Transcribe only the lines in the data below falling between the line with "Alex Bobicioiu nu" and the line with "14. It is far", including those two lines, and leave out any picture.

### Data provided:
* * *
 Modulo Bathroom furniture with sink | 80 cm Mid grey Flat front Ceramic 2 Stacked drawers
* * *
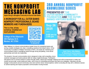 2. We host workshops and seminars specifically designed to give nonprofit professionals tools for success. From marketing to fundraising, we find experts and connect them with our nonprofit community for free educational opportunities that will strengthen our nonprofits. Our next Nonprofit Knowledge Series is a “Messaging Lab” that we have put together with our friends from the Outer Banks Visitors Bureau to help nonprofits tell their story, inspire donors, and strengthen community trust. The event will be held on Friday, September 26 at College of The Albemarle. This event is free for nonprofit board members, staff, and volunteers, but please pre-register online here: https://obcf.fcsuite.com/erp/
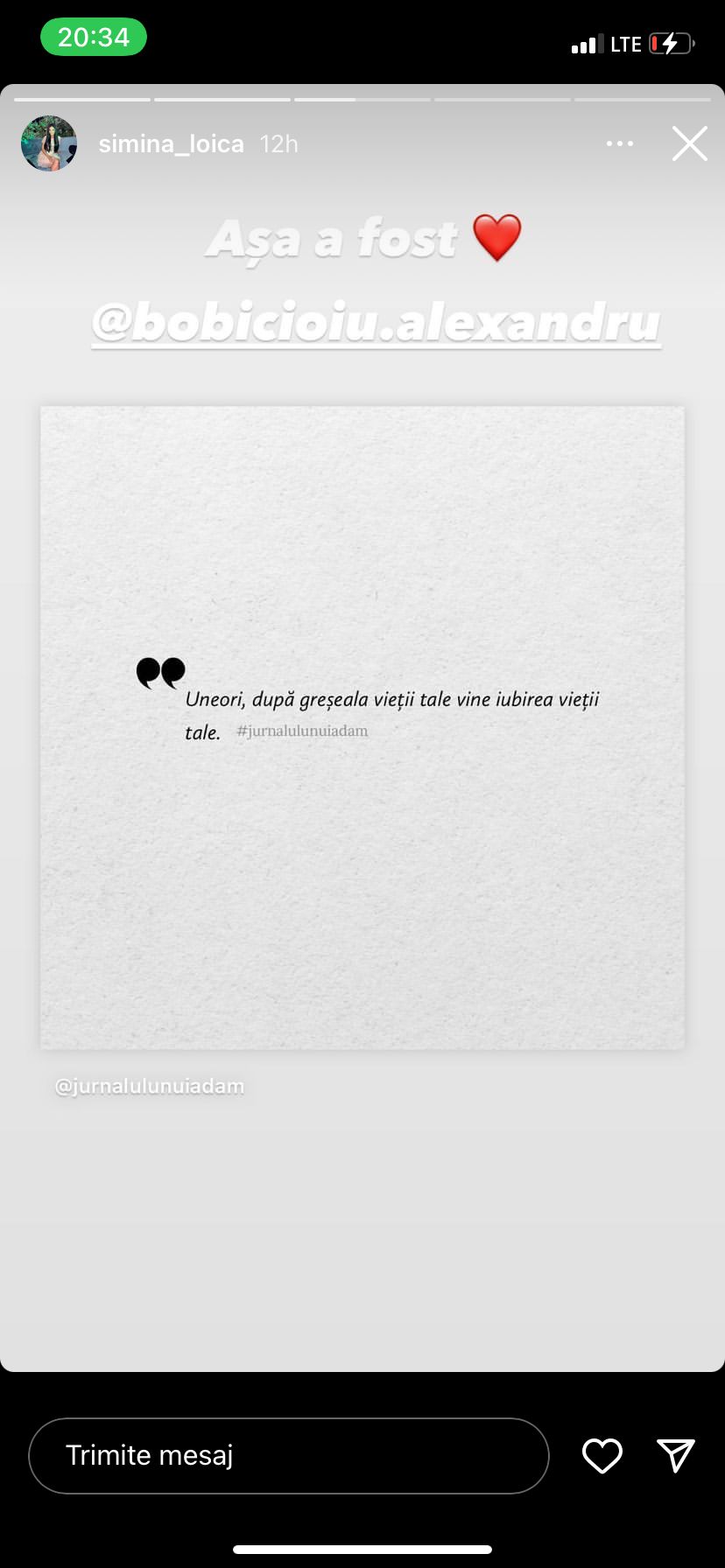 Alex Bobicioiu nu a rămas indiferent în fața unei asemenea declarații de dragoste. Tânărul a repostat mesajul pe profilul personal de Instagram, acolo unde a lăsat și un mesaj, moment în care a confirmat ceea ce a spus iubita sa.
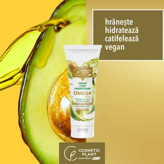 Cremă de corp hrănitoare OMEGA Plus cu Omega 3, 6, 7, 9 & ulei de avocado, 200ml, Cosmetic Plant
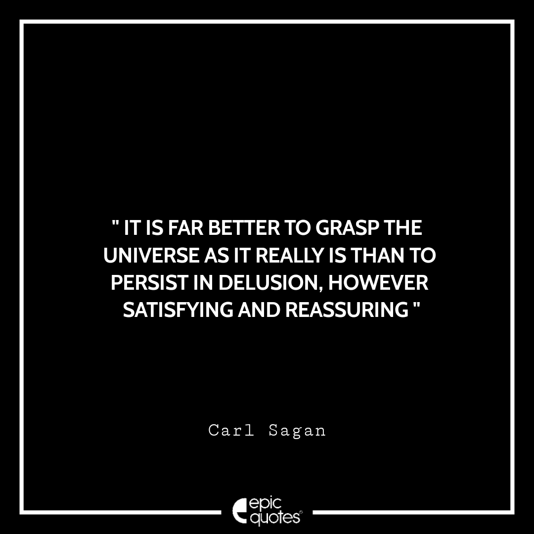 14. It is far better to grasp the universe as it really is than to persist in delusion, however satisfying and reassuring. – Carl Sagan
* * *
### Answer space:
 Alex Bobicioiu nu a rămas indiferent în fața unei asemenea declarații de dragoste. Tânărul a repostat mesajul pe profilul personal de Instagram, acolo unde a lăsat și un mesaj, moment în care a confirmat ceea ce a spus iubita sa.
 Cremă de corp hrănitoare OMEGA Plus cu Omega 3, 6, 7, 9 & ulei de avocado, 200ml, Cosmetic Plant
 14. It is far better to grasp the universe as it really is than to persist in delusion, however satisfying and reassuring. – Carl Sagan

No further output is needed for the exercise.